Freda Palmer

Leafield Lass

Musical Traditions Records MTCD375-6

CD 1: Up in the North;  Daughter of Shame;  A Miner's Dream of Home;  Eighteen Pence;  The Fox and Grey Goose;  Home Sweet Home;  Old King Cole;  Oh What has Changed You;  One of Our Streets;  Put a Bit of Powder on it Father;  The Week Before Easter;  Chick Chick Chicken;  Break the News to Mother;  Billy Brown;  A Little Bird built a Nest;  The Mistletoe Bough;  I Parted My Hair in the Middle;  Teddy O'Neill;  A Frog he Would a Wooing Go;  As I Was a Walking;  Father's got a Job;  The Titanic;  The Wandering Girl;  If Those Lips parody;  The Dumb Maid.
CD 2: The Banks of Sweet Dundee;  I Wish I Was Single Again;  Little Cock Sparrow;  Young Folks Old Folks;  Three Jews from Jerusalem;  After the Ball;  Old Johnny Bigger;  The Bailiff's Daughter;  Jack and the Squire;  Villikins and Dinah;  The Little Shirt me Mother Made for Me;  A Man that's Done Wrong;  Mother Caught a Flea;  Your Faithful Sailor Boy;  Good Company;  What did You do in the War Daddy?;  Needle Cases;  A Group of Young Squaddies;  I'll Sing of Martha;  Oxford City;  The Ship that Never Returned;  Maria Marten;  Old Mammy Mine;  The Ship I Love;  The Warwickshire RHA;  William and Mary;  Young Williams;  Hitler's Dream;  Murphy's Little Girl;  The Orphan Girl;  A Dialect Story.

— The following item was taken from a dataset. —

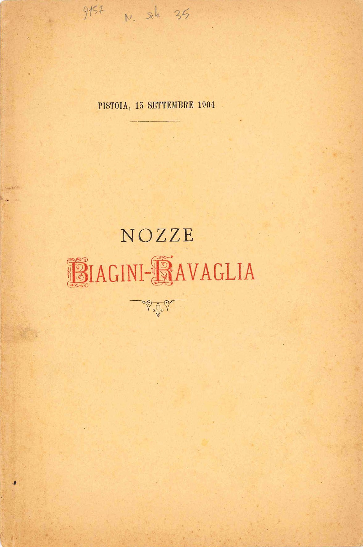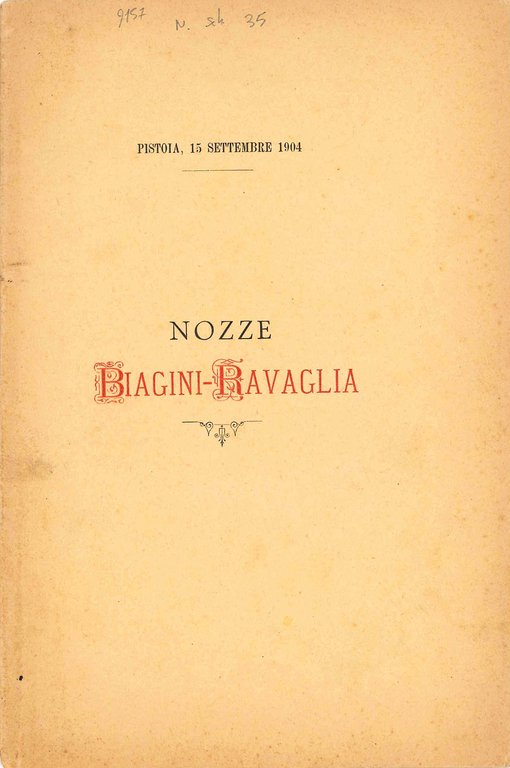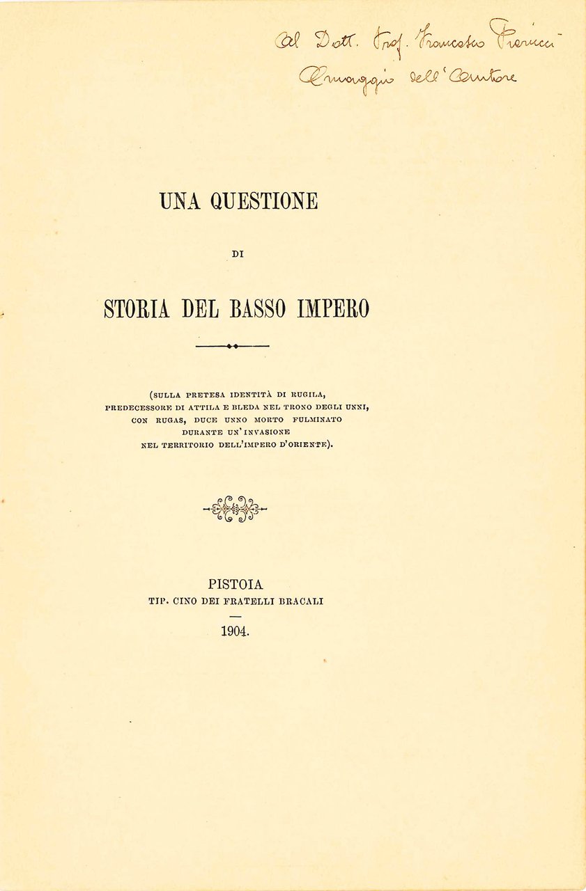 Mm. 217 x 143. Pp. 17, [3 bianche]. Brossura coeva brunita e con lievi fioriture, con titolo bicolore alla prima di copertina. Dedica allo sposo Guido Biagini per felicitarsi delle nozze con Giuseppina Ravaglia celebratesi a Pistoia in data 15 settembre 1904, da parte dell'amico Carlo Bugiani, autore del breve trattato di seguito, intitolato Una questione di storia del Basso Impero: sulle pretesa identità di Rugila, predecessore di Attila e Bleda nel trono degli Unni, con Rugas, duce unno morto fulminato durante un'invasione nel territorio dell'Impero d'Oriente. Dedica manoscirtta dell'autore, che dona l'esemplare al Dott. Prof. Francesco Pierucci.

This double CD presents a wide view of the repertory of a member of the last generation of English country singers, and what a broad repertory it is!

Quite a few of the songs I've heard before.  I spent many an evening listening to her in the Old Swan in Cheltenham, where we had a regular singaround, and The Eagle in Bampton on Whit weekends.  I thought then, and I'm sure now, that Freda had a fair idea of what we liked - Freda was no fool, she knew her audience.

So here's a collection of the songs I heard then, the 'folksongs' and the comic ones.  Then there are a number of Victorian sentimental ballads, which were very popular with her generation of Traditional singers.  Several of the Suffolk singers I knew sang these, and Johnny Doughty would sing them one after the other for as long as you cared to listen.  There are also songs from the Great War, such as What did you do in the Great War, Daddy? which I've heard before, but can't remember who sang it.  There's also the RHA, a First World War adaptation of an older song, which is the song that Dublin in the Green is a parody of.  On top of this there are kids songs, monologues, and a very fine parody of If Those Lips Could Only Speak.

As always with Musical Traditions, there are extensive notes including all the words, Roud numbers, and some great photographs.  One surprise to me is the lack of I Pity Myself I Do, which she sang often enough for me to learn by listening!  If you have any interest in twentieth century Country singing, then this is a must.  To hear that warm West Oxfordshire voice again warms the cockles of my heart!

Thanks Rod and Danny, you've done it again!

According to Roud's Folksong Index, no one ever recorded Freda singing I Pity Myself I Do - Ed.